While at UC Berkeley, I worked with Rich Muller's Astrogeophysics group and studied paleoclimate. During that time I worked primarily on two topics. First, I did analysis of high frequency climate oscillations. This work was presented to the Institute of Nuclear and Particle Astrophysics in 1999. It was also presented at the Fall 1999 meeting of the AGU, and was submitted at a Berkeley Lab Technical Report. The second project was the construction of a time series called the Benthic Stack, which was published in Paleoceanography in 2002. Prior to that, we presented it at the Fall 2000 meeting of the AGU.

My first project in graduate school was an investigation of the processes that control the mean depth of the planetary boundary layer. I analyzed output from the UCLA GCM and a simple mixed layer mass budget analysis to understand the land-sea contrast in PBL depth, including a simple analytical model of the diurnal cycle of the convective (dry) mixed layer. This work was supervised by Alex Hall and Bjorn Stevens, and the paper can be downloaded in the Publications section.

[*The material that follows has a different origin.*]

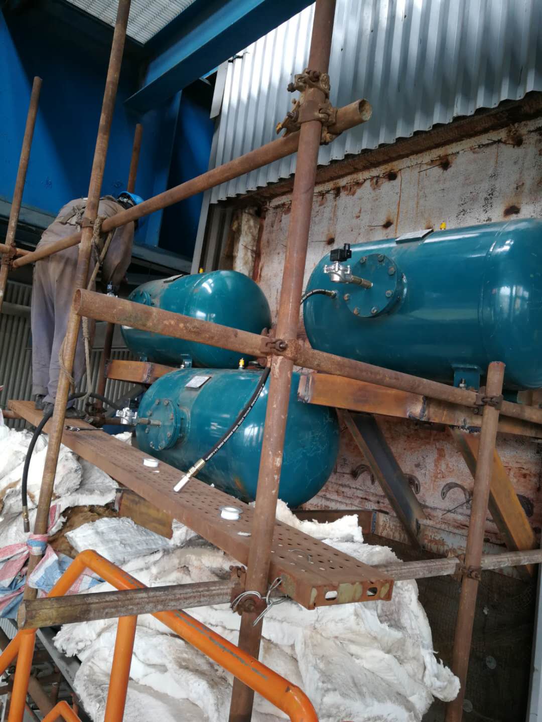 瀘州電廠脫硫改造項(xiàng)目設(shè)計(jì)空氣炮型號(hào)為KQP-B-300L,數(shù)量96臺(tái),噴嘴口徑為108耐高溫鑄造鴨嘴形噴嘴,配置控制箱為自動(dòng)不銹鋼雙開門,配套單向閥,油水過濾器。我公司與河南翔龍工程集團(tuán)有限公司(空氣炮安裝),受現(xiàn)場(chǎng)空間限制空氣炮噴管加長(zhǎng)5米到6米左右。安裝完成后現(xiàn)場(chǎng)調(diào)試一次驗(yàn)收合格。

Upon completing my PhD at UCLA, I became a post-doctoral researcher in Department of Atmospheric and Oceanic Sciences at UCLA, where I continued to work in Bjorn Stevens' research group. Although affiliated with UCLA, my work was funded by the Center for Multiscale Modeling of Atmospheric Processes (CMMAP), based in Fort Collins, Colorado. During 2007-2009 I lived in Fort Collins, and was graciously hosted at CMMAP by Dave Randall. During this time my research focused on isolating and understanding low-cloud effects on climate using numerical models. Read more at research.brian.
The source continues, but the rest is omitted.